Deflation at the end of the 19th century devastated the small farmer...lest we forget.

Posted by: Bartman at May 28, 2004 6:07 PM

Deflation at the beginning of the 21st century is going to devastate some group, as well.

It will certainly continue the trend of manufacturing decline in the US, and the shrinking pool of well-paid semi-skilled jobs.

However, as touched on by the MSNBC article, computer chip makers, computer assemblers and retailers have suffered from hellish deflation all throughout the 90s, and yet there are still many, many billions of dollars of profit to be had in those industries.

It's all in how one plays the game.
In fact, there are still profitable family farms around - They just operate slightly differently from their 19th century forebearers.

Posted by: Michael Herdegen at May 29, 2004 9:33 AM

Stein is wrong on many counts:

- Equity valuations are still high by historic standards. Saying that they are more reasonable compared to 1999 is like saying Bill Clinton was more sexually responsible compared to Jack Kennedy. Valuations never got as high as in 1999-2000, even in 1929. The stock market is still a bubble, slowly deflating.
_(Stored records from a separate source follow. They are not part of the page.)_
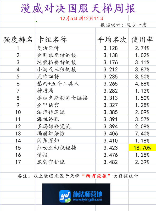 以下数据为天梯“所有段位“大数据统计: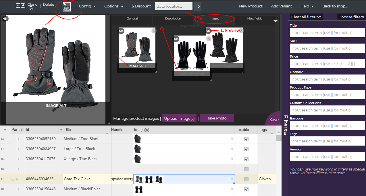 If you use a split details editor, we can get even more options [NARRATOR toggles split editor (while staying on the same product ] [NARRATOR opens the “Images” tab of spit editor] .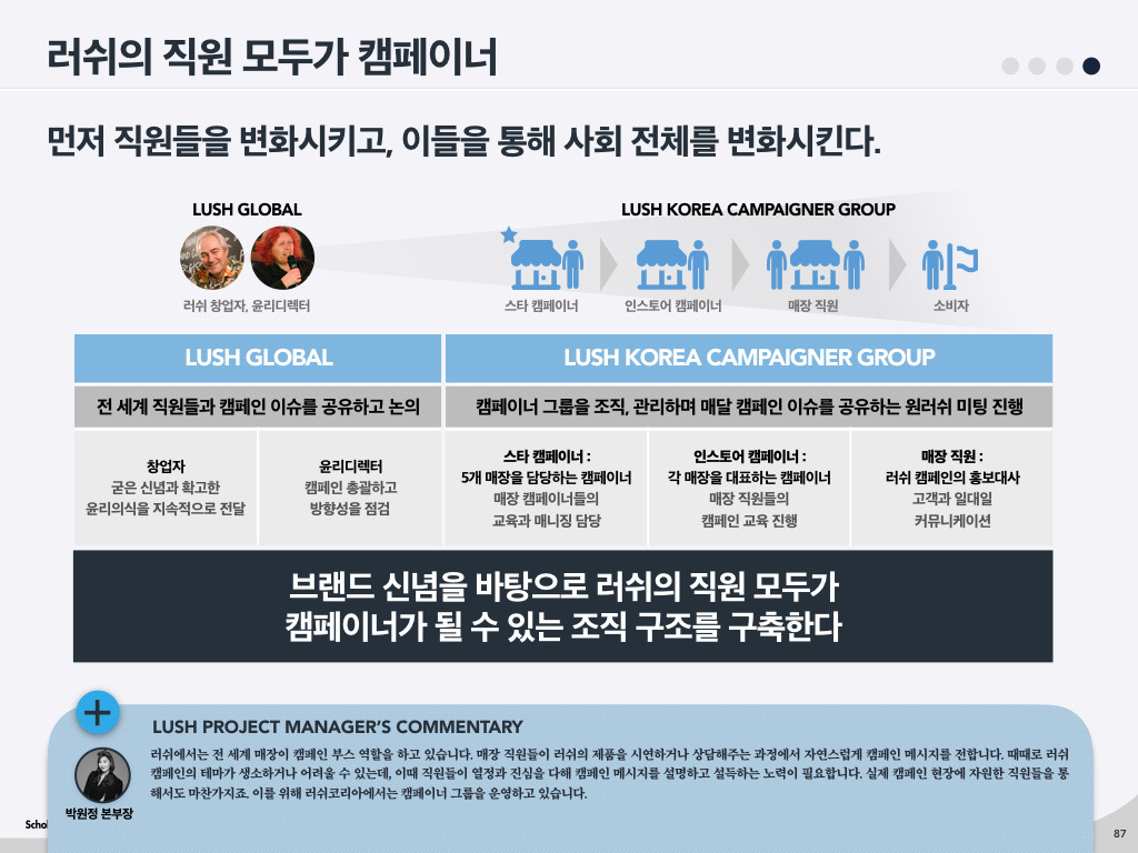 박원정 본부장; 진정성 있는 동참, 아무도 관심 갖지 않는 영역이라도 앞장설 수 있는 용기, 긍정적인 변화를 이끌어 낼 수 있는 현실적인 목표, 러쉬는 스폰서나 서포터가 아닌 캠페인 파트너라는 오너십입니다.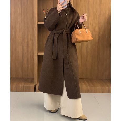 【BANICO】スタンドカラー ベルト付きウールロングコート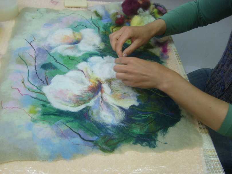 - Просушите полотно при помощи махрового полотенца и оставьте на несколько минут. В процессе оно немного сядет. Такое валяние из шерсти поможет создавать картины как начинающим взрослым художникам, так и детям.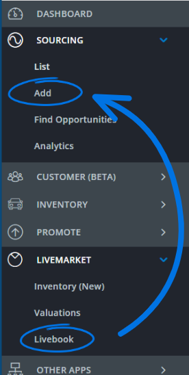 - LiveBook tab → now located under Sourcing > Add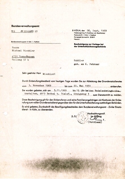 … um es abzukürzen: Die Anerkennung folgte ein paar Wochen später und der Schreiber dieser Zeilen leistete zivilen Ersatzdienst in Bethel, Haus Morija, konnte die „Kleine Krankenpflege“ ablegen. Klein war die in Bethel bestimmt nicht. Formte ihn, wahrscheinlich fürs Leben.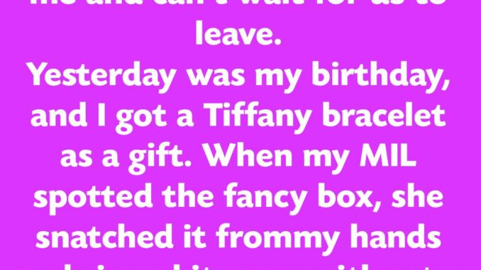 She and her husband are staying with his parents to save money, but her MIL clearly dislikes her and is eager for them to move out. On her birthday, she received a Tiffany bracelet from her own mother. When her MIL saw the box, she grabbed it, tore it open, and exploded, accusing her of wasting money and claiming she deserved the jewelry for letting them live in her house.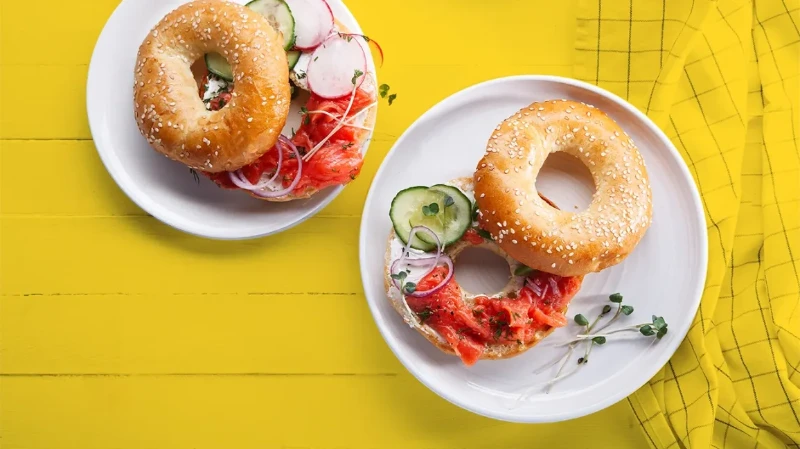 Bagels wirken als praktisches Unterwegs Frühstück sind jedoch zumeist aus Weißmehl hergestellt das arm an Ballaststoffen und Mikronährstoffen ist. Beliebte Füllungen wie fettreicher Frischkäse oder sehr salzige Aufschnitte erhöhen Energie und Salzanteil. Besser ist seltene Nutzung in kleinerer Größe kombiniert mit einer dünnen Schicht magerem Frischkäse etwas Räucherlachs Qualitäts Kräutern oder maßvollem Nussmus. Eine Alternative bilden Vollkorn Varianten die länger sättigen und gleichmäßigen Blutzuckerverlauf unterstützen.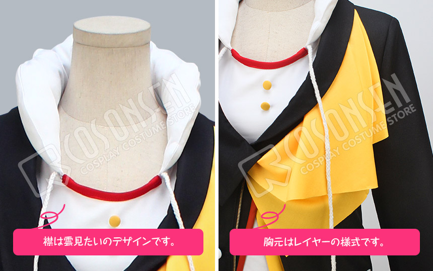 黒を基調したポリ混紡生地にて製作します。左胸に黄色のシフォン生地にて製作されて飾りがあって、とても綺麗に見えます。左袖口に白いボタン付き、右袖口の方が黄色と白のライン付き、不対称のデザインで、とても目立ちます。正面はファスナーとボタンが付き、脱着が簡単にできます。

- Spikes due to terrorist threats are only one part of the equation for oil. Everyone is ignoring the effect of a booming economy in China and, secondarily India. There is more demand for oil now than ever before. This is not going to subside anytime soon.

- The current economic upturn was bought with unprecedented governmental stimulus, which cannot be sustained. Comparing the amount of job gains and revival in demand to what it cost to produce those gains, you have to believe that the patient is sicker than anyone will admit. You have to pull the I-V at some point, and the patient has to function on his own.

- The housing market has peaked. (http://www.businessweek.com/magazine/content/04_23/b3886127.htm)
Construction has oupaced demand, the number of unsold homes is going up. All these new homeowners were shoehorned in using the most irresponsible of lending practices and interest rates that will never be this low again. Risk management is no longer a force in the market. Personal bankruptcies are climbing and rate increases will only throw fuel on that fire.

- Trade deficits have not stabilized, they are still climbing. The decline of the dollar has not affected this, as most of our deficits are with China and Japan, against which the dollar has not dropped much at all. The dollar has a long way to fall before our exports can begin to grow again.

I could go on.

Posted by: Robert Duquette at May 29, 2004 12:57 PM

All the big businessmen I interview have one big worry -- where to get competent workers 10 years from now.

Immigrants will not do it; they don't have the skills.

Posted by: Harry Eagar at May 29, 2004 4:13 PM

Robert:

The Chinese gov't has artificially kept exchange rates high, in effect subsidizing US consumers' spending.

What's not to like ?

Posted by: Michael Herdegen at May 31, 2004 7:03 AM

Whats not to like is the fact that it is a trend that cannot continue forever, and when the yuan is eventually de-linked from the dollar, the pent-up inflation will hit us like a ton of bricks. They hold more and more of our debt, and that makes us dangerously dependent upon them. It also supresses our own manufacturing and export industries. A nation that only consumes the products of others on borrowed funds is not a nation that will stay strong for long.

Posted by: Robert Duquette at May 31, 2004 11:46 AM

Robert:

Don't be silly. Thanks to our ideas any pack of mongoloids can assemble the goods we use.